Объятые теплой весенней ленью, они сидели, став
частью городского пейзажа, не имея желания двинуться, ни о чем не тревожась.
Огоньки селений мерцали на берегах озера причудливой формы, точнее,
бесформенности, ночью, впрочем, недоступной взгляду.
– Это покой, – сказал Клаус.
Сестры промолчали, не желая его тревожить и
соглашаясь. Жужжа мотором, проехал мимо троллейбус. Аллея мощных старых лип
образовывала границу между двумя мирами, безмолвного озера и ярко освещенной
улицы и гостиниц на противоположной стороне. Среди них выделялась та, где Лев
Николаевич попытался преодолеть волевым усилием неравенство классов. Дело завершилось
благополучно интересным рассказом в собрании его сочинений.
– Я скоро уеду, – сказала Нора. – Меня ждут дела в
Рио.
– Не пора ли тебе устроить жизнь, – отозвалась
Доротея. – Да и мне заодно.
– Что? – не поверила своим ушам ее сестра. Ее
изумление – неподдельное – рассмешило Клауса, и он против воли расхохотался.
Доротея приняла его смех на свой счет.
– Что ты так смеешься? – досадливо сказала она. –
Смех без причины, знаешь ли…
– От счастья люди глупеют, – примиряюще заметил
Клаус.
– А от глупости делаются еще счастливее.
– И еще больше глупеют, – упорствовал он.
– И смеются еще больше.
– И еще счастливее.
– И еще больше глупеют.
– Какая-то в этом безысходность… – отчаялся
Клаус.
22
Черный вороний фрак Меклера скрыла темнота, белая
манишка отделила его лицо и голову от остального тела, повесила в воздухе,
сделала страшноватой картину. Элиза к ней привыкла давно, в молодые годы она ее
возбуждала, обещая парение и полет, но теперь она не сразу догадалась, почему
щуплый умелый водитель Самсон посмотрел на Меклера беспокойно – он казался
мячом, заброшенным ловким ударом судьбы совсем в другую корзину.

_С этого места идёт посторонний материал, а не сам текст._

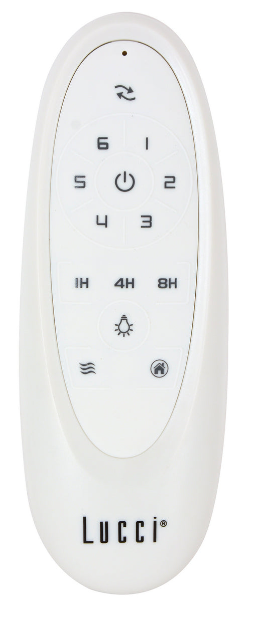 Lucci Air Aria ceiling fan remote control comes with a wall mount. Set includes: One (1) remote control. Materials: Plastic. Finish: White. Voltage...
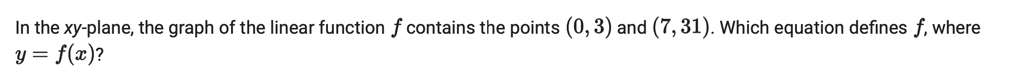 Linear functions hay hàm số tuyến tính là dạng cực kì, cực kì quan trọng trong SAT, lý thuyết thì đơn giản và quen thuộc với các học sinh Việt, nhưng dạng bài thì vô cùng đa dạng.

Нахлопавшись, разошлись меломаны. Дирижер утомился
от выражений восторга. Только он один и знал, что не все было гладко, что во
второй части слегка вякнула виолончель старательного обычно Кноха, а в другом
месте брякнул ударник Шмит. Тромбонист, всегда распалявшийся во время игры и
дувший все лучше, сегодня был тускл.
Теперь Меклер переживал, как обычно после
концерта, приступ тоски: его надежда на что-то такое, что словами не передать,
опять не оправдалась. Он на земле так и остался, как ни подпрыгивал на
возвышении пульта, как ни размахивал руками. После наскока унынья всегда
неожиданно приходило тепло при взгляде на верную Элизу, его не оставившую,
конечно, мешавшую приближению почитательниц, настоящих или корыстных. И
сегодня: она помогла ускользнуть загадочной Доротее, почему-то не оценившей
внимания славы, которое он подарил жестом одним, выведя в прожектор взглядов.
Ее отделить от кома людей не получилось, с ней Клаус, Нора зачем-то, – они тоже
мешали схватить и выпить жрицу, словно кубок жизни, до дна. И отбросить потом?
Ну нет, зачем же бросать… Поставить на полку в шкафчик.
Меклер помог экономке спуститься с высокой
ступеньки чудовища-джипа, Самсон следом нес букеты и городской костюм дирижера.
На пороге дома тот отпустил шофера. Они остались вдвоем: оба в праздничном
платье. Широкие, во всю стену, прозрачные окна не мешали темноте наполнить
залу. Далеко, на противоположных берегах, мигали огоньки селений, и среди них
оранжевый выделялся, остерегая ночных яхтсменов и лодочников-рыболовов, не
застигла б их внезапная буря.
Среди записок и конвертов на столике, среди
поднесенных цветов Меклер заметил и свой букет, предназначенный Доротее и ей врученный,
и сердце его упало: оборвалась последняя нить надежды. От него ничего не
удержали на память. Элиза заметила взгляд мэтра и поняла мгновенно его
ощущение, и даже сама почувствовала нечто похожее, – их сращенность сиамская
доходила вплоть до общего чувства печали от неудачи такого рода, какой
гувернантка способствовала сама и ее желала. Она молчаливо праздновала победу –
и сердечно оплакивала ее, боль дирижера переживая. А ярость того поднялась на
секунду и угасла, и провалилась в яму прожитых совместно лет.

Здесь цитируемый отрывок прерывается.